Shera recula la main qu'elle s'apprêtait à poser sur son épaule.
"Est-ce que ça va ? Tu avais l'air absent..."
"Je… je me souvenais… de ton anniversaire, Gast."
"Au Manoir ? "
"Oui. Avec les bougies."
Le vieux professeur eut un petit rire.
"J'ai retenu la leçon, désormais, c'est moi qui les fournit. Ça commence à coûter cher d'ailleurs."
Gast avait maintenant soixante-quatre ans.
"Ce qui me fait penser, Docteur Highwind ? "
"Oui Professeur ? "
"13 octobre."
La confusion put se lire sur le visage des deux membres d'Avalanche.
"C'est son anniversaire," expliqua le professeur en désignant Vincent.
Le sniper réalisa qu'en effet, c'était bien sa date d'anniversaire. Gast la lui avait arrachée ce soir-là, une fois qu'ils avaient fini la bouteille et le gâteau, en même temps que celle de Lucrecia (22 juillet), avec la promesse de leur rendre la pareille.
Ils n'avaient jamais pu.
Vincent était mort avant.
"Gast..." protesta Vincent.
"Oh ! Tu croyais pouvoir échapper aux fêtes d'anniversaire d'Avalanche, Vincent ? " demanda Shera avec un petit sourire taquin.
"Je serais invité ? "
"Bien sûr, Professeur ! "
"Il a un faible pour les chocobonbons, du coup, je pense qu'un gâteau au chocolat..."
"Gast."
Shera allait se mettre à rire quand elle réalisa ce que ça signifiait.

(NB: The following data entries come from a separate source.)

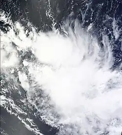 Tropical Disturbance 05F was first noted on December 23, while it was located about 75 km (45 mi) to the north of Mata-Utu in the island nation of Wallis and Futuna.[9] The system was located within a marginal environment for further development, which contained low to moderate vertical wind shear and had a good outflow.[9]
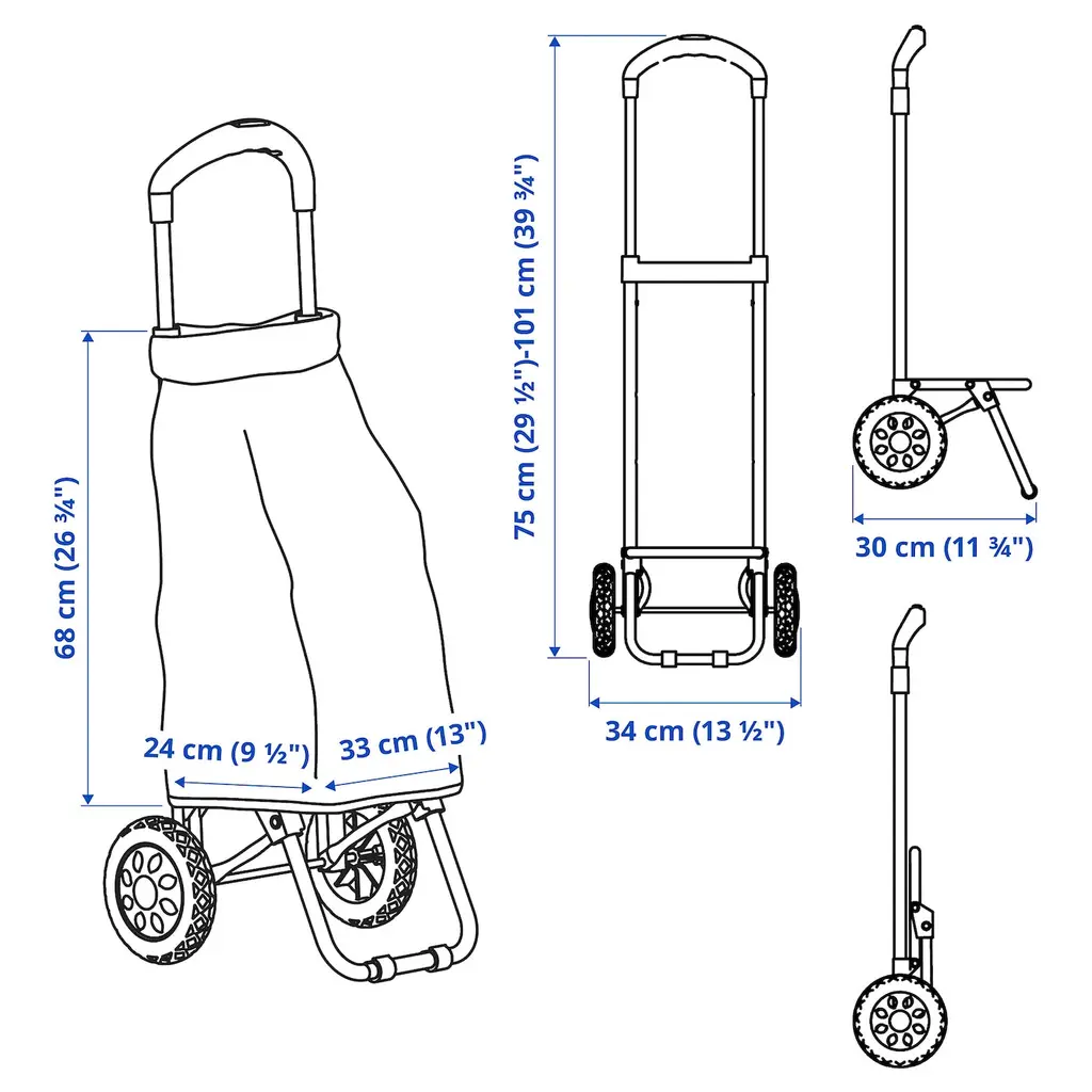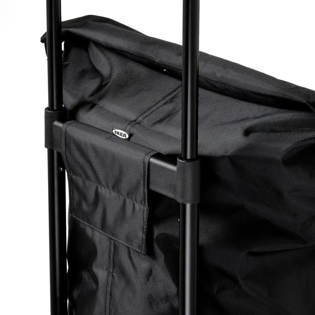 RADARBULLE Shopping bag with wheels - black 13x9 ½x26 ¾ "/1285 oz. The handle has two adjustable positions. You can adjust the closure according to how much you fill the bag, and the two buttons hold the contents in place. Sit securely because there is a support at the bottom.
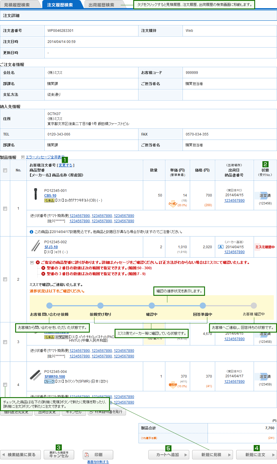 詳細画面ではお客様注文番号の変更、商品のキャンセルが可能です。
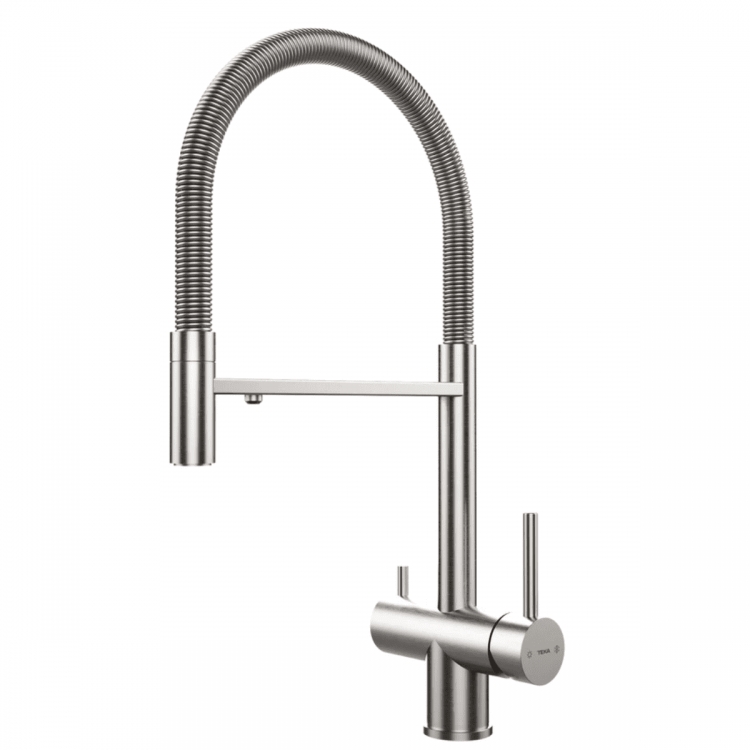 Kuchyňská baterie s vysokým ramínkem, dvojitou pákou, flexibilní koncovkou a kompatibilní se systémem filtrované vody
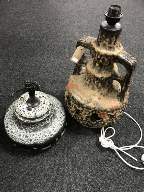 A vintage 1970's rise and fall light fitting, in fat lava style together with a Slien Keramik fat lava West German pottery lamp
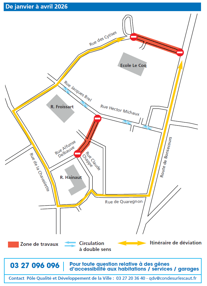 Les travaux de la rue Hector Michaux se poursuivront jusque la fin de l’année, ceux de la rue Delbauve commenceront en janvier 2026 et le chantier de la rue Bonsecours interviendra après celui de la rue des cytises qui débutera lui aussi en janvier 2026.
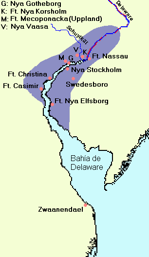 La alianza entre el Imperio sueco y la Commonwealth de Inglaterra bajo El Protectorado de Oliver Cromwell, posibilita la subsistencia de la colonia frente al peligro holandés (PDD). Carlos X Gustavo, frente a los acuciantes problemas económicos herederados de la reina Cristina, cede tierras en América a cambio de una suma de 20.000 Riksdaler.
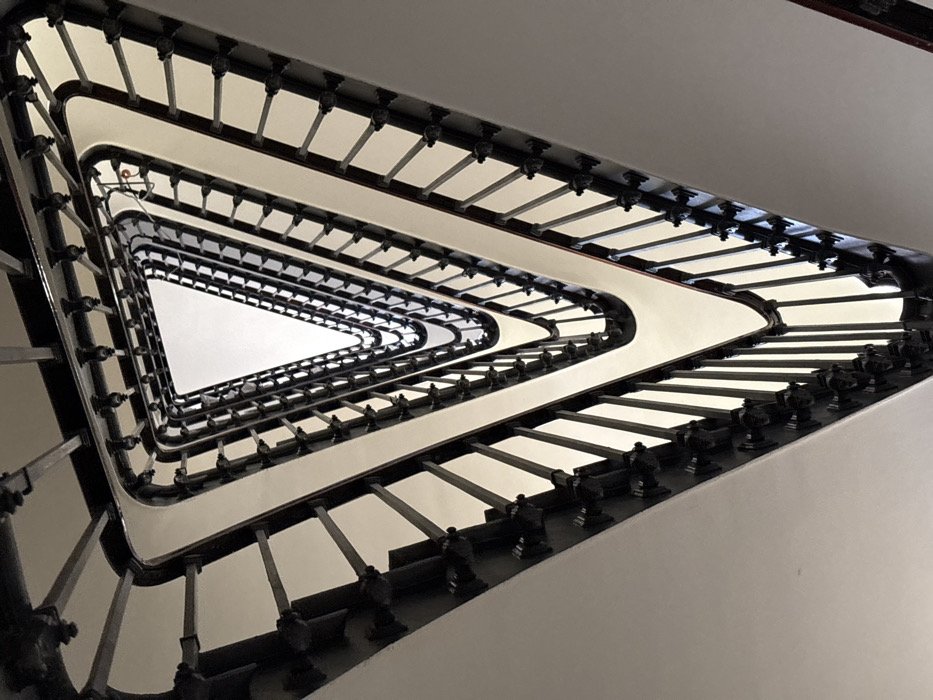 - "This image presents an upward, forensic view of a multi-story triangular staircase, located in Asnières-sur-Seine, France" by FM-3pJMh1, licensed under CC BY 4.0
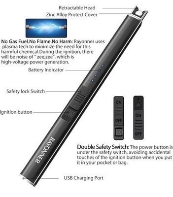 The Rayonner Electric Candle Lighter is a sleek and practical tool for lighting candles with the touch of a button. This USB rechargeable lighter features a safety switch to prevent accidental ignitions, making it a safe and convenient option for use in any home. Its modern design in black color makes it a stylish gift for any occasion, perfect for those who enjoy collecting unique and functional items.
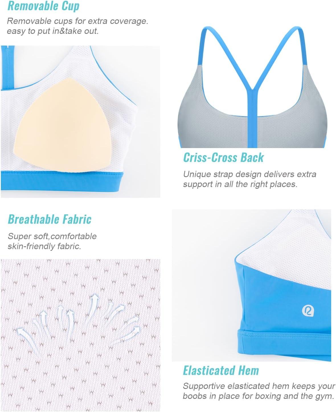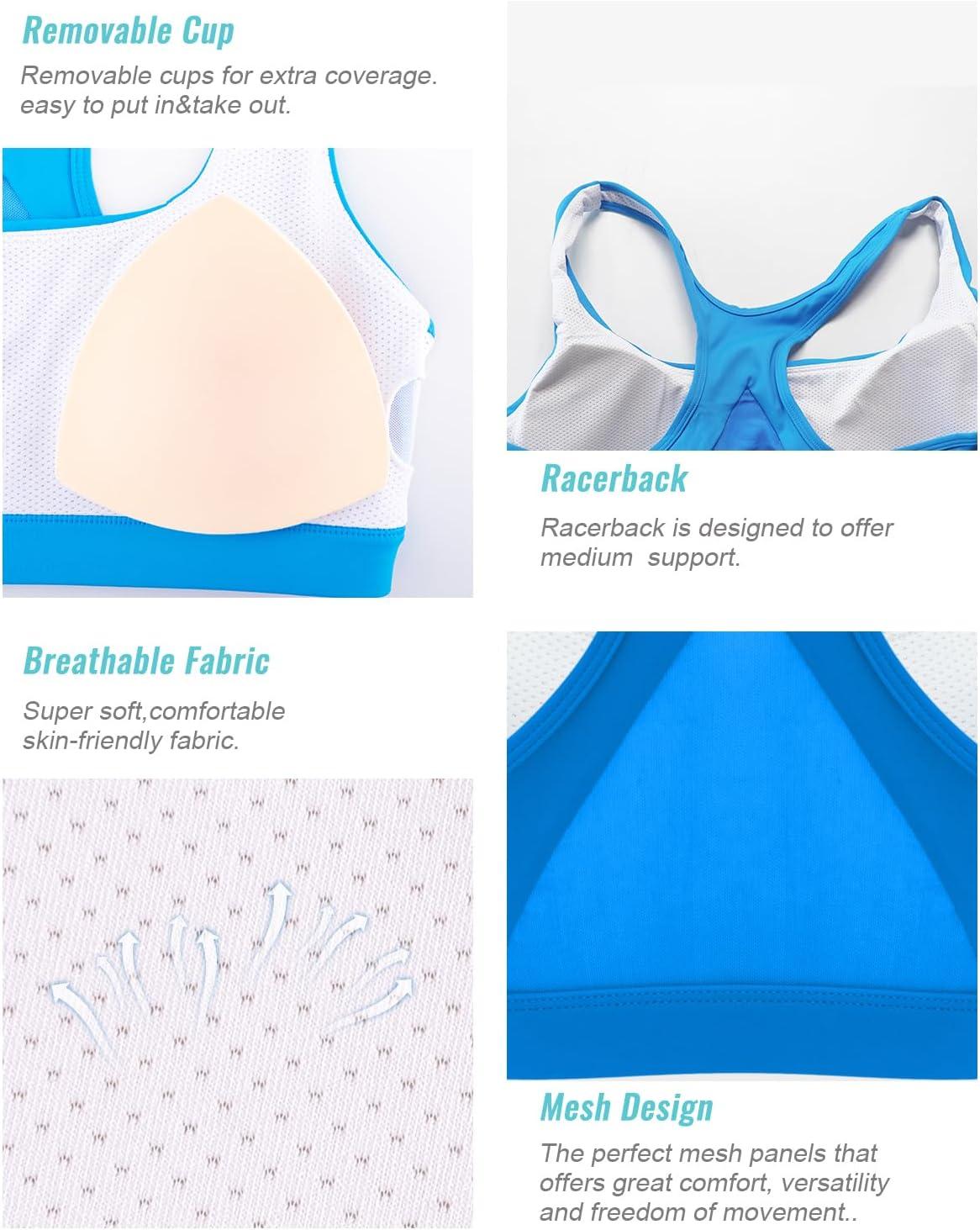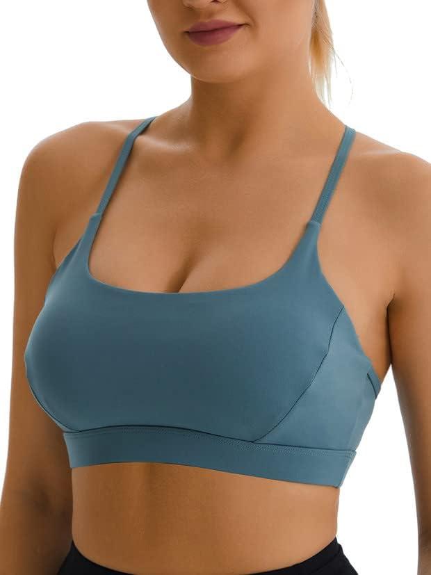 RUNNING GIRL Y-Back Sports Bras for Women, Medium Impact Wirefree Padded Bra Workout Crop Top Longline Sports Bra Push up(E-cerulean Blue)
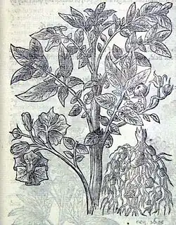 In Italien erhielt die Kartoffel wegen ihrer Ähnlichkeit mit Trüffeln den Namen Tarathopholi, auch Taratouphli. Bereits 1591 erwähnte der deutsche Landgraf Wilhelm IV. (Hessen-Kassel) diese Bezeichnung in seinen Briefen. Um 1800 waren in Deutschland die abgeleiteten Wörter Tartuffeln oder Artoffel üblich.[2] Daraus hat sich durch eine Dissimilation das Wort Kartoffel entwickelt. Dagegen hat das italienische Wort tartufolo an Bedeutung verloren, an seine Stelle ist patata getreten.[4]
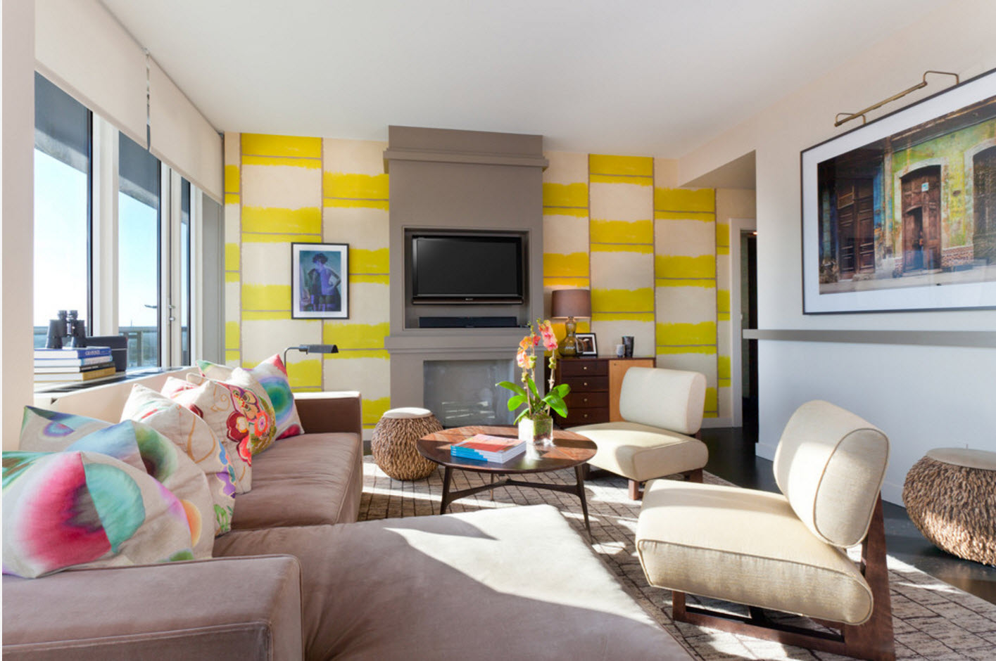 Wall murals do not fade, are easy to clean and environmentally friendly, but require careful preparation of the wall before gluing. This design option should suit the interior in general, and not specifically furniture. A place for photowall-paper should contain all drawing so that its separate parts do not hide behind furniture. The image can be supplemented with backlight, especially if it is a landscape. The end of the picture should fall on the lower corner of the room. If this does not work out, you can use the frame.

"C'est pour ça qu'ils disparaissent aussi vite de la cuisine ? "
"Merci Gast," soupira Vincent à la grande hilarité de son ami.
"Elmyra est à deux doigts d'enguirlander les jumeaux à chaque fois qu'elle doit en racheter ! " s'exclama Shera en tentant de rester sérieuse malgré le fou rire qui lui venait.
"Il est temps de rejoindre Reeve, merci pour tout Gast."
"Vincent, reviens ! "
"Je savais déjà", déclara Reeve quand Shera l'informa de la date d'anniversaire de Vincent, "c'est dans son dossier."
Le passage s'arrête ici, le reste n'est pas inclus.